Will say you got the first two correct.

you may or may not have gotten at least one of the others correct.

you're either 3 out of four or four out of four correct. I guess i said anyways.

But then again I did see someone say that it's not easy to type the mentally ill.


----------



## snail (Oct 13, 2008)

I can't tell if you're being serious or not, and I don't know you well enough to guess. I was really just stereotyping based on a single post and didn't expect a response. :tongue:


----------



## psyche's release (Oct 15, 2008)

snail said:


> BeHope, are you an INTJ or something?


intp, i bet.

cryptonia, sometimes it's helpful just to take the numbers and scribble them somewhere that's not a notebook. sometimes, it's helpful to say them out into (relatively) empty space. the problems are a beautiful thing - but, in the end, it's not what you know that's important - it's what you'e learned.

when i study for exams, for example, i do it with 6 colors of highlighter.the "boxes" created by the highlighter help me to remember pieces of information.

so maybe this is a kind of scratchpad.

maybe it helps you think.

<shrugs>


----------



## NephilimAzrael (Oct 26, 2008)

BeHope said:


> Damn, you're pretty good.
> 
> Will say you got the first two correct.
> 
> ...


Who diagnosed you schizophrenic?
why are you accepting clinical diagnosis as a paranoid?
What medication are you on?


----------



## BeHope (Nov 4, 2008)

NephilimAzrael said:


> Who diagnosed you schizophrenic?
> why are you accepting clinical diagnosis as a paranoid?
> What medication are you on?


Nun Ya
Because I am.

also Nun Ya.


----------



## NephilimAzrael (Oct 26, 2008)

The redundancy of such answers causes a very skeptical analysis of you.. I would be intrigued to see your report history. :dry:


----------



## Kingmannie (Nov 8, 2008)

cryptonia said:


> I'm not sure how much math you all know... but this homework is becoming a nightmare, so I thought I'd at least _ask_, as long as people are on, how you'd do this.
> 
> We're supposed to prove that every palindromic number (same value read forwards and backwards), in base 10, with an even number of digits is divisible by 11. Then we have to prove that every integer whose base k representation is palindromic with an even length is divisible by k + 1.
> 
> ...anyone good at math have any idea what to do about something like that? I don't know where to start... but we're in the chapter on modular arithmetic, if that helps.

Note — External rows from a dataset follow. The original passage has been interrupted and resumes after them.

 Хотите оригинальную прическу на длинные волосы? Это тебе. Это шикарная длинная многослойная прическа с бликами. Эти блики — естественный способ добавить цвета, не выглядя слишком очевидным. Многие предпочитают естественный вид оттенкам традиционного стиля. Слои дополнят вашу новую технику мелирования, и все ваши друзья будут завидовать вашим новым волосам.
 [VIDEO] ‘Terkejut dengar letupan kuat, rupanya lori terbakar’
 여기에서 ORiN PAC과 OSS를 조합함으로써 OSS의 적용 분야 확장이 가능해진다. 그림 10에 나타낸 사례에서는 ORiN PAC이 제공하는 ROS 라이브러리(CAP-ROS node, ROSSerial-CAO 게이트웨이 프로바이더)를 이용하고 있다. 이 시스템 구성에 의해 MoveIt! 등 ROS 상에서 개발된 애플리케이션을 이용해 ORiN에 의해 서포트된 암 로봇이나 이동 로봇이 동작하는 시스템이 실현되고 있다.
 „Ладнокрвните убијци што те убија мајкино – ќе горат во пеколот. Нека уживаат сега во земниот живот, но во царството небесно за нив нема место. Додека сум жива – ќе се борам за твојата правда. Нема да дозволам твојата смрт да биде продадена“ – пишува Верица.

Well, the decimal number system is the normal number system we use, 1 - 10.

The palindromic hierarchy goes through 1 - 10 and then 11, 22.. so on

Id just make sure and divide 11 into a few of them sequence numbers..,

As for the base k system, i havent heard of it, i know the hexadecimal number system features letters A to F

Good luck :happy:


----------



## BeHope (Nov 4, 2008)

NephilimAzrael said:


> The redundancy of such answers causes a very skeptical analysis of you.. I would be intrigued to see your report history. :dry:


shove off.


----------



## NephilimAzrael (Oct 26, 2008)

Bad faith lad. Using schizophrenia as a clause for exemption (especially as paranoid-delusional) is rather suspect. It would certainly call for further testing. MRI PET and CATs would help clarify the authenticity of the disorder. 

Hence why I asked those questions. Mere professional interest.


----------



## BeHope (Nov 4, 2008)

NephilimAzrael said:


> Bad faith lad. Using schizophrenia as a clause for exemption (especially as paranoid-delusional) is rather suspect. It would certainly call for further testing. MRI PET and CATs would help clarify the authenticity of the disorder.
> 
> Hence why I asked those questions. Mere professional interest.

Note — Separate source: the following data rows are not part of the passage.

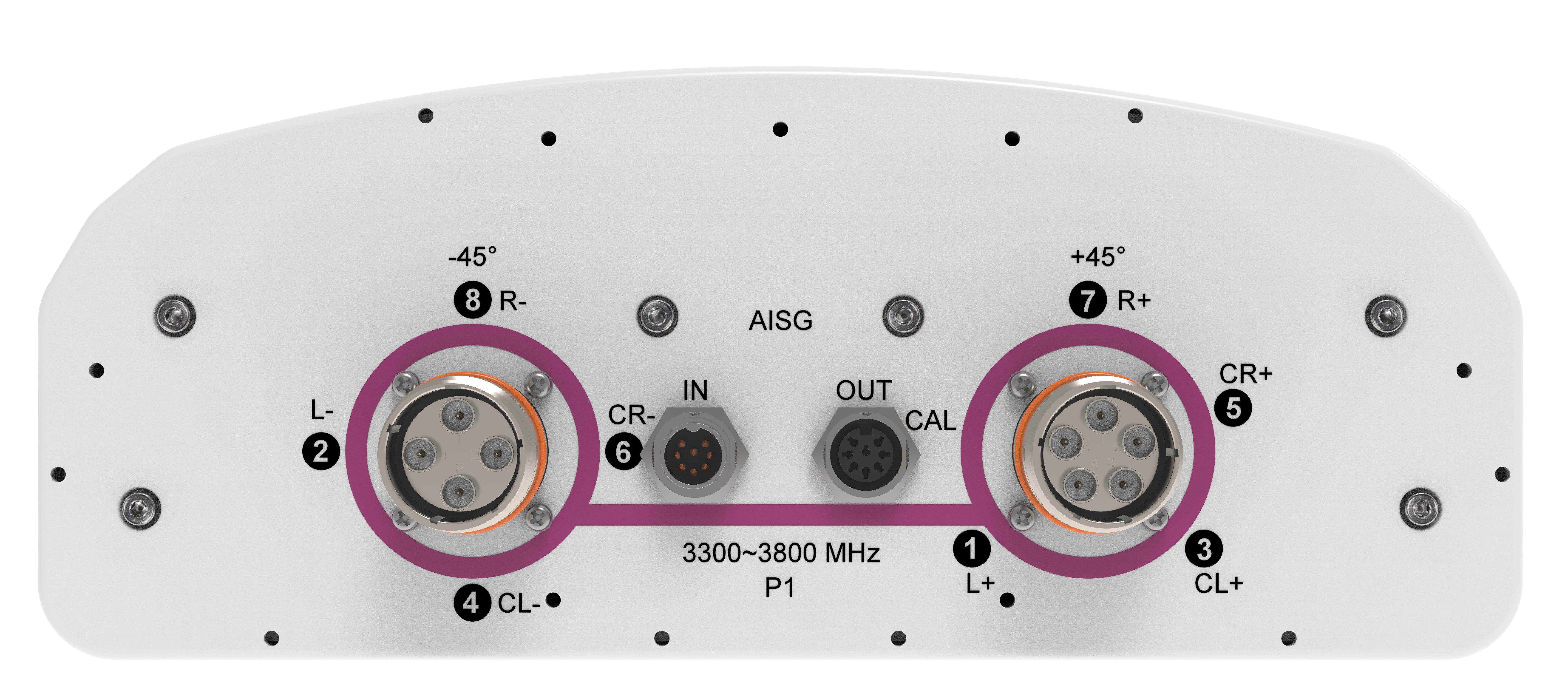 8-port Planar Array Antenna, 3300–3800 MHz, 90° HPBW, 1x RET, with MQ4/MQ5 connectors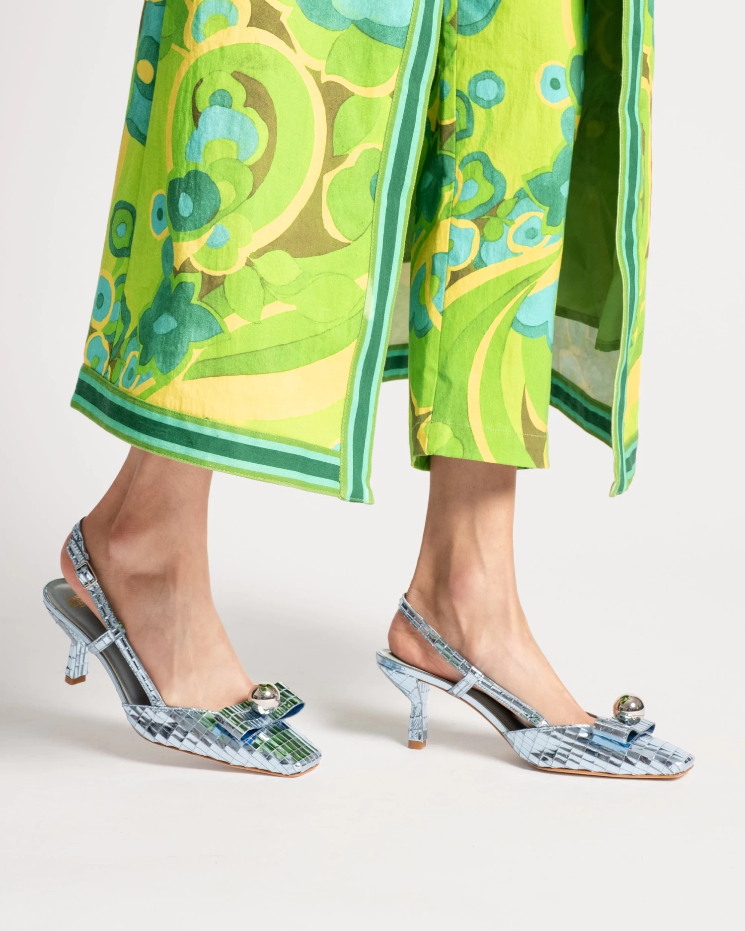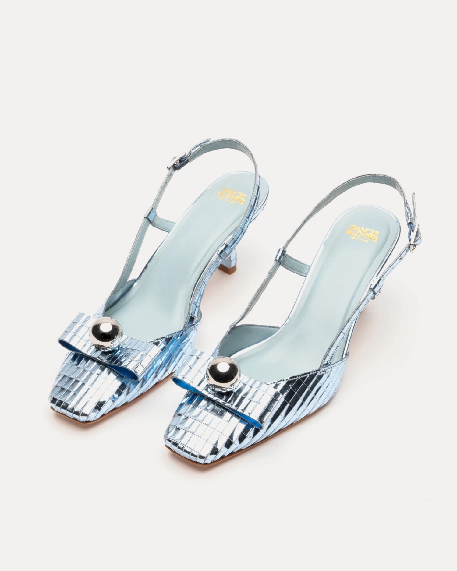 Be the life of the party with our Raquel Disco heels. A classic stiletto silhouette – with a pointed toe and delicate kitten heel – Raquel distinguishes herself with colorful, reflective leather and textured detail designs, topped off by a bold metallic bow. Celebratory and chic, this statement footwear is sure to take the spotlight.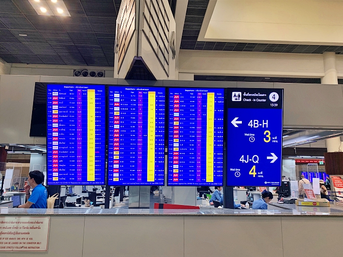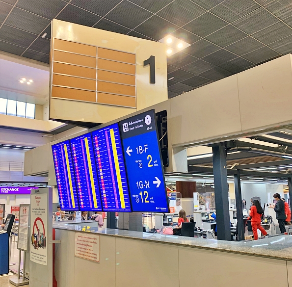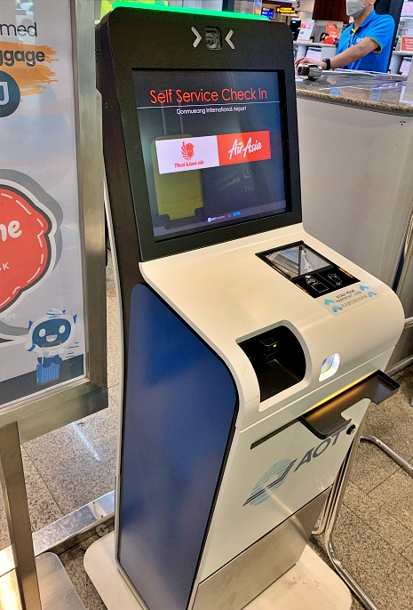 I had arrived Don Mueang International Airport by taxi on 2PM, about 3 hours before departure time. Thai Air Asia’s passenger could skip the queue by using automatic kiosk to check-in and print boarding pass. Then, the passenger could proceed baggage drop counter at Row-1 and Row-2 to manage checked-in baggage.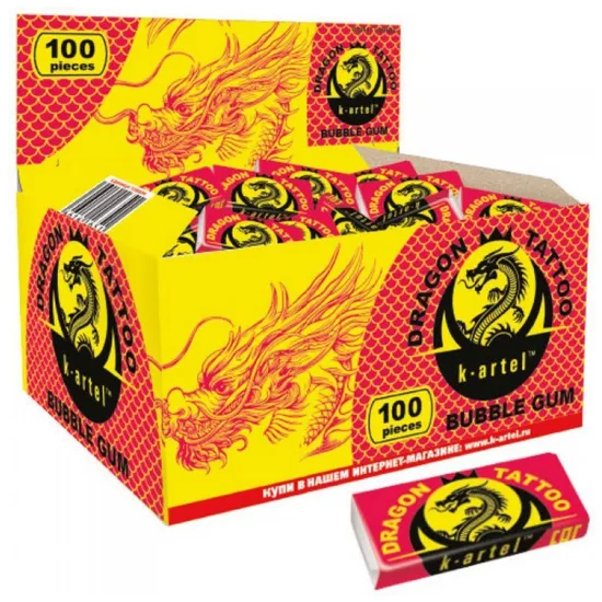 Жевательная резинка «Dragon » с татуировками внутри. Собери все татуировки и воплоти мечту об уникальном рисунке на своём теле! Вкусное удовольствие для любителей жвачек с сюрпризами внутри.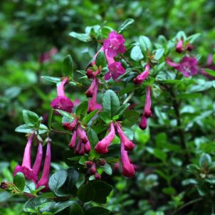 Evergreen shrub. Large bright pink formal double flowers, Feb-April. Upright habit. Acid soil only in semi-shade. Height 3m.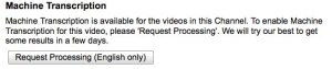 - Instruct Youtube to transcribe your video, then wait about an hour.

that's not a clause for exemption.

Psyches release nailed what I was tested as.

if that's your concern.

As far as a clause for exemption it's in the architecture of the forums programming. I just happened to be the one that used the clause.

now shove the fuck off.


----------



## NephilimAzrael (Oct 26, 2008)

Not the exemption I was referring to. Obviously not worth explanation either.

I had "shoved off" as you so eloquently put it. Stated that my questions were of mere professional interest. that was me leaving the matter closed.


----------



## BeHope (Nov 4, 2008)

great.

Now I have to play guessing games.
Vague attacks against exemptions not referenced. Good one.

Must be something I'm missing. For the life of me I don't know what.

I had no idea that someone continuing to talk about something is considered shoving to those from ireland. live and learn.


----------



## NephilimAzrael (Oct 26, 2008)

Do you wish to agitate the situation or accept the appeasment of leaving the subject closed? 
To be honest I had not realised the inpropriety of my questions. I had not mentioned what my intent was, I cannot recall it now either. 
I'm not interested in discussing matters with you at this time (a phrase you could have also used). 

In being civil, I am concluding this dispute.


----------



## BeHope (Nov 4, 2008)

NephilimAzrael said:


> Do you wish to agitate the situation or accept the appeasment of leaving the subject closed?
> To be honest I had not realised the inpropriety of my questions. I had not mentioned what my intent was, I cannot recall it now either.
> I'm not interested in discussing matters with you at this time (a phrase you could have also used).
> 
> In being civil, I am concluding this dispute.


I could have used any number of phrases the first one I used was NUN ya.

pretty basic none of your business reply.

You continued after I had done so.

And your acusing me of agitating the subject?

you're still going on about it.

I suppose you feel some need to have the last word on something that you weren't wanted involved with anyway?

how convienent that you can't remember your intent.

I'm sure your patients really enjoy hearing that one from you.

I had a reason for asking but can't remember it now.


You gonna tell me how I could word everything else from now fucking on as well?


----------



## NephilimAzrael (Oct 26, 2008)

I had never heard the expression "NUN ya" before, nor have I heard "shove off" used in that context.

I apologised for my intrusion, but attacking my professionalism is agitation. 
Having apologised for a minor mistake on an internet forum, my comments did not warrant an assault with such abusive language and direct personal insults. 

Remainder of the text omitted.